After finding the line containing "Using our best-in-breed" below, please output that line and each following one through the line containing "Glass Lime Fruit", exactly as written.

======== Exercise material ========

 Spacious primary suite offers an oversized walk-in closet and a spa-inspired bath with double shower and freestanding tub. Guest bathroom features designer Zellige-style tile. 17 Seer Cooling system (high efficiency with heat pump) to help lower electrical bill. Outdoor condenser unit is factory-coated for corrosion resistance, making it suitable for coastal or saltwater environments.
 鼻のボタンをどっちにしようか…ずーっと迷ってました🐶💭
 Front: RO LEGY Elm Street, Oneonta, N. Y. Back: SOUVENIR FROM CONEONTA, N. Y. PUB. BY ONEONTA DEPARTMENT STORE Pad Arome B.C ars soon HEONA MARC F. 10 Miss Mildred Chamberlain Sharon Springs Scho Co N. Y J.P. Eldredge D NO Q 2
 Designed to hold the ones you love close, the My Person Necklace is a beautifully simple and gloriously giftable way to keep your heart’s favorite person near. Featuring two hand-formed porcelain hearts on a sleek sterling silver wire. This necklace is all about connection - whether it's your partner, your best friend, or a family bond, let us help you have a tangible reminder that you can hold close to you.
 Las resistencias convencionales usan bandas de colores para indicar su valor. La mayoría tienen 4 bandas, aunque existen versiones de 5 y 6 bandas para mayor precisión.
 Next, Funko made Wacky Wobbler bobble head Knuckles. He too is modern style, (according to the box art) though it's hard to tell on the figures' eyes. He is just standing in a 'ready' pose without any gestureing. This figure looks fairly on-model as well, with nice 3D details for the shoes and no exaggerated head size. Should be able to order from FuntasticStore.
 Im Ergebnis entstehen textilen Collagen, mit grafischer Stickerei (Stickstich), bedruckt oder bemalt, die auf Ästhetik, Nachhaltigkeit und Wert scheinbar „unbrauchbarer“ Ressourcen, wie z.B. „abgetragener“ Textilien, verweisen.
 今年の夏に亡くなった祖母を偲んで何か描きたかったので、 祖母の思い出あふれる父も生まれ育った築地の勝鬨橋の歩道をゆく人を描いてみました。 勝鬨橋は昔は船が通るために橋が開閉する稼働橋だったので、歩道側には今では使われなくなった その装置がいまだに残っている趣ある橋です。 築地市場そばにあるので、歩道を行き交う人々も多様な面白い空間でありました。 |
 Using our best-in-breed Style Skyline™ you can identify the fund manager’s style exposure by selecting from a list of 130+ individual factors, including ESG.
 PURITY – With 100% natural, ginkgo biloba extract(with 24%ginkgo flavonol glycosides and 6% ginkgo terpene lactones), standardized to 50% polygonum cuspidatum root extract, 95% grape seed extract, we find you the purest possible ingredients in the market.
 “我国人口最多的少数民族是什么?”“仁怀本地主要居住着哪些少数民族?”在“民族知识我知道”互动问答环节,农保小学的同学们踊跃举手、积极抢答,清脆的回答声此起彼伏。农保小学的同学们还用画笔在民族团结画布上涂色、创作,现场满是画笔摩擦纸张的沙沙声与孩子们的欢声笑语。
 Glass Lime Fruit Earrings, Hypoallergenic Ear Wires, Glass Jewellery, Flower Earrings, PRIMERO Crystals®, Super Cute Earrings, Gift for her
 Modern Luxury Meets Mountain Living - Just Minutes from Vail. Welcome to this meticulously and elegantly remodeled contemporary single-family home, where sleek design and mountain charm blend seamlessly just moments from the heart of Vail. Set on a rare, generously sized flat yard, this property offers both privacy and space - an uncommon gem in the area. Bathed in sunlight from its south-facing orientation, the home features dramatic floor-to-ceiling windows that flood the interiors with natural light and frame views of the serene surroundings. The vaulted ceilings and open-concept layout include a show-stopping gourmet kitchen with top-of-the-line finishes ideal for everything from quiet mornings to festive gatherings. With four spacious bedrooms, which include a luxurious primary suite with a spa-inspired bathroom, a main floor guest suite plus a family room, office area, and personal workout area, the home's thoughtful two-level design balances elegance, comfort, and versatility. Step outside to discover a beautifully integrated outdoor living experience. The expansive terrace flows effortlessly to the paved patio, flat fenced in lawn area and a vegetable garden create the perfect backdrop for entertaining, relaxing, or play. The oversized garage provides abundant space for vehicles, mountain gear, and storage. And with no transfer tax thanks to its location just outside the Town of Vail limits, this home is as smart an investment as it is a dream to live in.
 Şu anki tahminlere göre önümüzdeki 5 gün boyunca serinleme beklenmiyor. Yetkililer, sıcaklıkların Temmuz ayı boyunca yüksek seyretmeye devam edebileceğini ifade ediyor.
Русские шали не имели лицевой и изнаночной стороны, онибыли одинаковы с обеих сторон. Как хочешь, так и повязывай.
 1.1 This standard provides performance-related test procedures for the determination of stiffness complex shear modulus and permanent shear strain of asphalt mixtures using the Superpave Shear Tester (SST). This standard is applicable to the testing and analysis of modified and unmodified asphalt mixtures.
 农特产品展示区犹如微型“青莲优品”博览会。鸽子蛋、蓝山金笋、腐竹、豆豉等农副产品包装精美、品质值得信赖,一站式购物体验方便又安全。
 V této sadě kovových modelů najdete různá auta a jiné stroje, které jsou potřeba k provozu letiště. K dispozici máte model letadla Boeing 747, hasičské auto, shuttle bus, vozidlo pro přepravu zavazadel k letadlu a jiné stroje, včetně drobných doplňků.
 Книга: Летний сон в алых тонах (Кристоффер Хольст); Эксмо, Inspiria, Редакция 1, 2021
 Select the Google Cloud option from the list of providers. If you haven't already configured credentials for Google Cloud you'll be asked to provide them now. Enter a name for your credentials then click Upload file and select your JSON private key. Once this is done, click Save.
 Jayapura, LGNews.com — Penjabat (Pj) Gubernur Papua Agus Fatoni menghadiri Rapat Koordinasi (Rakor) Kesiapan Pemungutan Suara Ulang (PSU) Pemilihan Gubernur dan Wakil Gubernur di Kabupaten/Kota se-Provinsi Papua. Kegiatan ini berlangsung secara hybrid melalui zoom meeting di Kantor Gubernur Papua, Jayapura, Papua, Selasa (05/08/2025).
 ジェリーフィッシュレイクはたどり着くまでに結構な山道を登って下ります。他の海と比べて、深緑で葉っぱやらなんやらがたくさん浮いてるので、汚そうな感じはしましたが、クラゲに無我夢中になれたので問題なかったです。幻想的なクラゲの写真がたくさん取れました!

========

Exercise output -
 Using our best-in-breed Style Skyline™ you can identify the fund manager’s style exposure by selecting from a list of 130+ individual factors, including ESG.
 PURITY – With 100% natural, ginkgo biloba extract(with 24%ginkgo flavonol glycosides and 6% ginkgo terpene lactones), standardized to 50% polygonum cuspidatum root extract, 95% grape seed extract, we find you the purest possible ingredients in the market.
 “我国人口最多的少数民族是什么?”“仁怀本地主要居住着哪些少数民族?”在“民族知识我知道”互动问答环节,农保小学的同学们踊跃举手、积极抢答,清脆的回答声此起彼伏。农保小学的同学们还用画笔在民族团结画布上涂色、创作,现场满是画笔摩擦纸张的沙沙声与孩子们的欢声笑语。
 Glass Lime Fruit Earrings, Hypoallergenic Ear Wires, Glass Jewellery, Flower Earrings, PRIMERO Crystals®, Super Cute Earrings, Gift for her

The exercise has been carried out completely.